The theme can be stated prosaically: “Whitman is celebrating America and her diversity. Diversity is something that causes a great deal of concern among people. …Whitman celebrates the idea that we can have diversity in America and still remain our individual selves.”
He writes
“These are really the thoughts of all men in all ages and lands, they are not original with me,If they are not yours as much as mine, they are nothing, or next to nothing…”

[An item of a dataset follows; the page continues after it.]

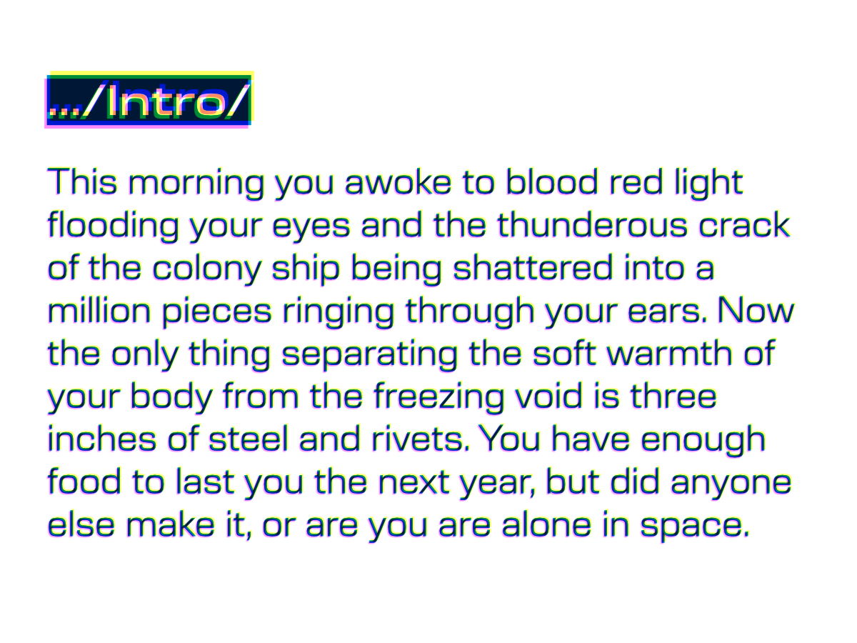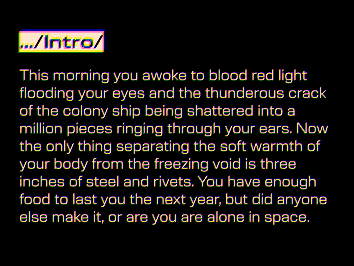 This morning you awoke to blood red light flooding your eyes and the thunderous crack of the colony ship being shattered into a million pieces ringing through your ears. Now the only thing separating the soft warmth of your body from the freezing void is three inches of steel and rivets. You have enough food to last you the next year, but did anyone else make it, or are you are alone in space.

Thus, Whitman expresses limitless optimism on the issue that tormented America’s founders: fear that individualism would preclude the “public virtue” of identifying our individual self-interest with that of the republic’s. He confidently writes that “what I assume you shall assume”—that is, assume that our common interest in our own individual rights, in freedom, is what above all unites us as Americans.
Making Up Our Minds
Has Whitman’s democratic individualism made a lasting impact on the American psyche? Betsy Erkkila, professor of literature at Northwestern University and co-editor of Breaking Bounds: Whitman and American Cultural Studies, affirms that and goes further::
“Whitman is the world’s poet of democracy…He used to be regarded as a spiritual or Emersonian poet with political ideas viewed as vague, possibly naïve, and even dangerous. Today, political philosophers and democracy theorists talk about his democratic vision. She refers to a stamp from an emerging African republic that bears Whitman’s image and comments that Whitman is on “everyone’s map.” “As countries move from authoritarian to democratic rule, you inevitably find his influence on their thinkers, poets and writers.”